At a given moment of Stand Up Illustrated, Montt talks about Will Smith’s slap in the face of Chris Rock at the last Oscars and the recent attack on comedian Dave Chapelle in the middle of a monologue. She has opened the great debate that has haunted comedy in recent years: the limits of humor. “I ask that if someone is offended by a joke, they hit Liniers,” Montt laughs.
“Anything goes in humor?”
“Just like in the movies or the theater.” There are people who take humor as aggression. I don’t want to make racist jokes, but I can talk about race. With black humor you can’t stay with the first reading, normally what you say is the opposite of what you mean. Context is everything,” says Liniers.
And there are people who think that the bullying it’s humor,” Montt points out.

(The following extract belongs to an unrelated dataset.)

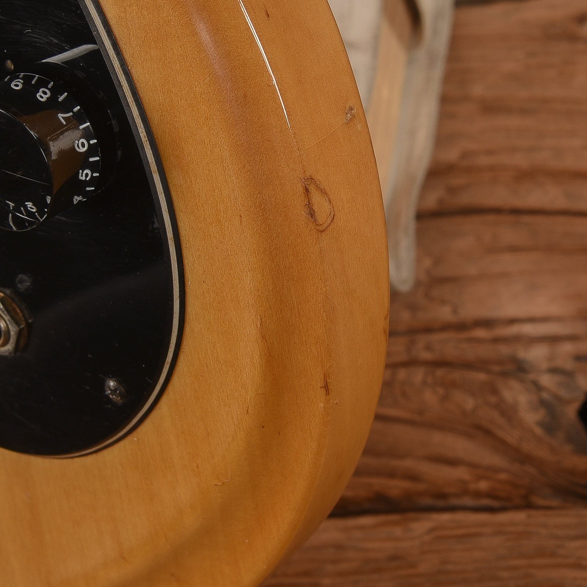 Cosmetic Condition: This guitar is in good cosmetic condition with moderate wear. There are scratches and dings throughout the glossy finish. The finish is chipped near the lower strap button. The finish is chipped in both cutaways.

For them, art is like a “tangle” that must be unraveled. With many layers, something you have to think twice, not to stay with the first interpretation. A couple of months ago, Mont drew a vignette in which a brain tells a clitoris: “You feel like the star, but I do a lot of the work, you know?”. Someone took offense and replied that he, as a man, could not draw a clitoris. “There is a big problem with the obsession millennial to silence speeches”, considers Montt. Liniers agrees with him: “It is a generation that is understanding that art is making autobiography. And no”. Art is fusion, like cooking, they defend: it drinks from a thousand sources, from a thousand cultures, and that is how it is enriched.
The show is ending. Liniers stands up, tells the last anecdote and farewell, hugs Montt while the Rolling Stones play. You can’t always get what you want. The next day, tired, they will do this interview, they will pose putting faces to the photographer, they will eat with some personalities of the city, they will sign books, they will rest. Mexico City awaits you: fire, art and chemistry.